Bazylika – Parafianie muszą się dorzucić
W kościele św. Jakuba można podziwiać wspaniałe zabytkowe drzwi, które po remoncie ponownie zamontowano w kruchtach: północnej, południowej i głównej. Koszt prac to ponad 200 tysięcy złotych. Teraz jednak parafianie bazyliki muszą jeszcze sięgnąć głęboko do kieszeni.
Ostatnich kilka miesięcy drewniane bramy spędziły w pracowni konserwatorskiej gdzie były poddawane szczegółowym pracom. Trzeba było usunąć uszkodzone fragmenty zdobień, zrobić rekonstrukcje, pozbyć się korników i późniejszych przemalowań, założyć nowe okna, klamki… pracy było co niemiara, ale efekt robi wrażenie.
Parafianie od kilkunastu dni mogą podziwiać wspaniałe drzwi, które ponownie zostały zamontowane w gotyckich portalach.
Kosz tych prac to ponad 200 tysięcy złotych, z czego połowę dołożył nam Urząd Miejski w Nysie.
Ksiądz prałat Mikołaj Mróz
Parafia oczywiście miała również i swój wkład finansowy, który po podsumowaniu prac okazał się niewystarczający. W związku z tym kolekty z najbliższych mszy zostaną przeznaczone na pokrycie kosztów związanych z remontem.

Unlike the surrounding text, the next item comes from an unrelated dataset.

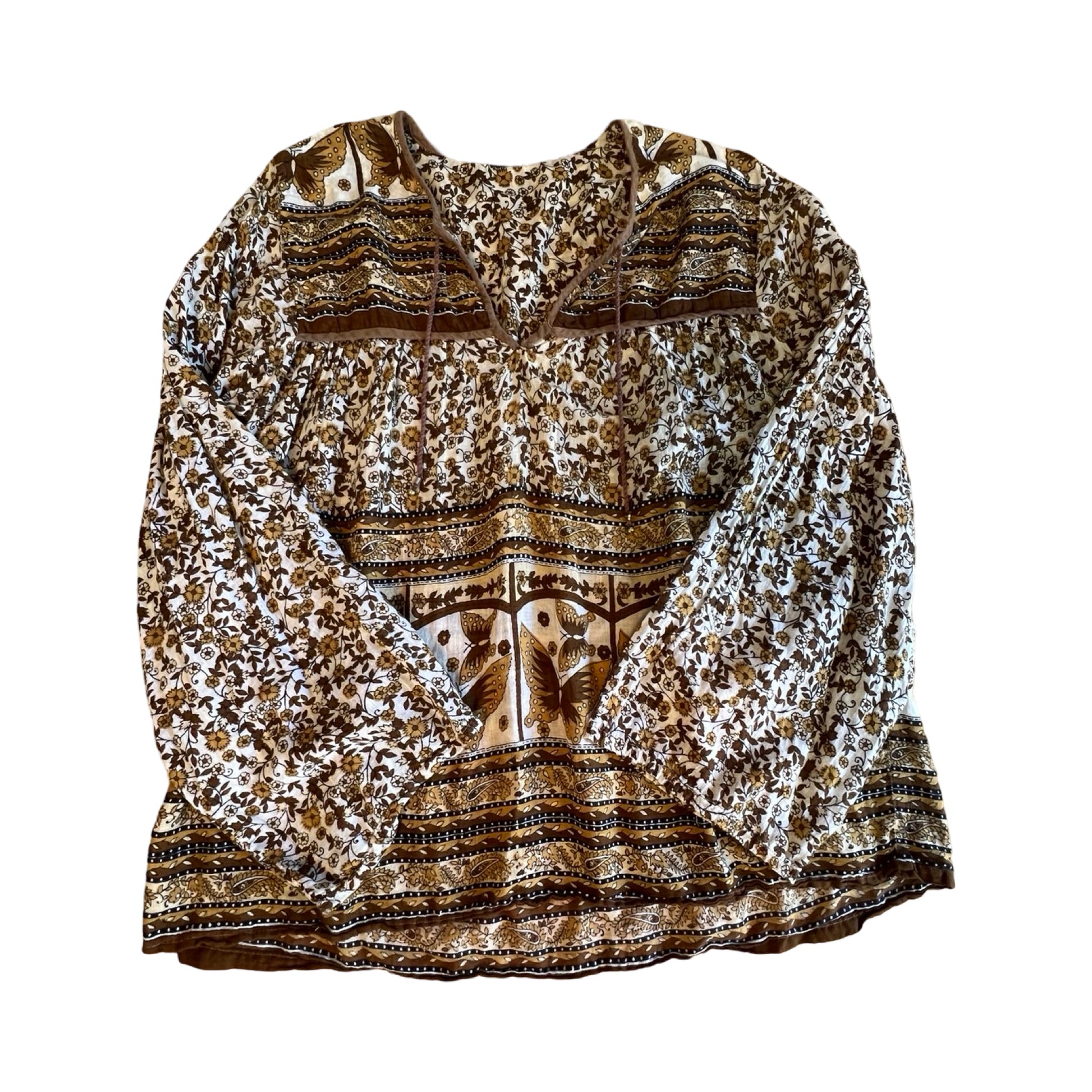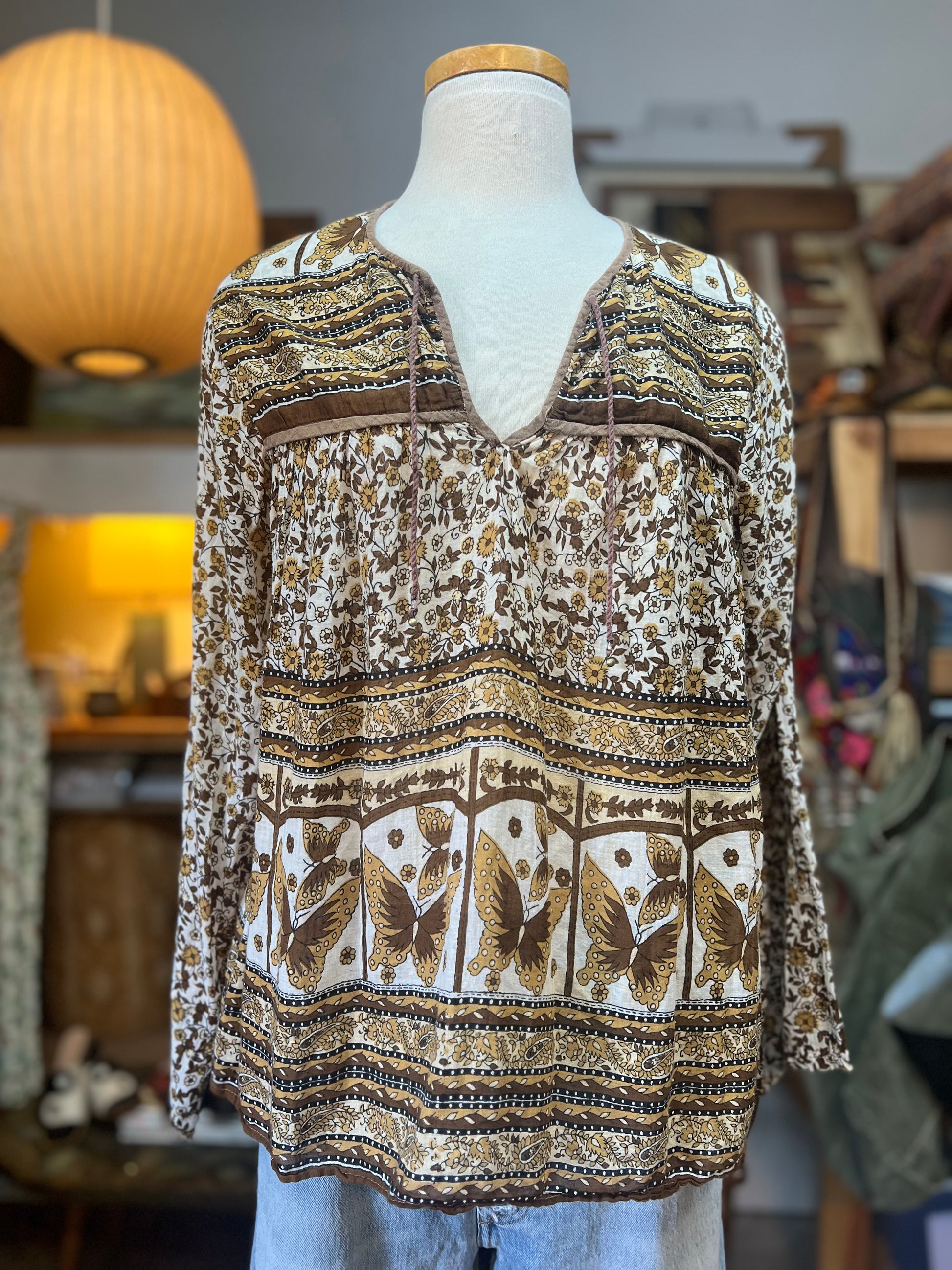 Vintage 80’s sheer cotton gauze India block print blouse in a rare brown colorway. Features a butterfly and floral print and is super soft and a little sheer. Measures 19.5” pit to pit and 26” top to bottom. Small tear under arm in one side, not noticeable when wearing.

Podczas prac odsłonięta także barokową kratę nad głównymi drzwiami, która od blisko 70 lat była przysłonięta deskami. Prawdopodobnie oryginalne przeszklenie zostało zniszczone w 1945 roku – tak uważa ksiądz Mróz. Teraz wolną przestrzeń wypełniono biało-żółtym szkłem dzięki czemu pod chór muzyczny wpada znacznie więcej światła. Ten wydawać by się mogło kosmetyczny zabieg rozświetlił także gotyckie sieciowe sklepienie pod chórem.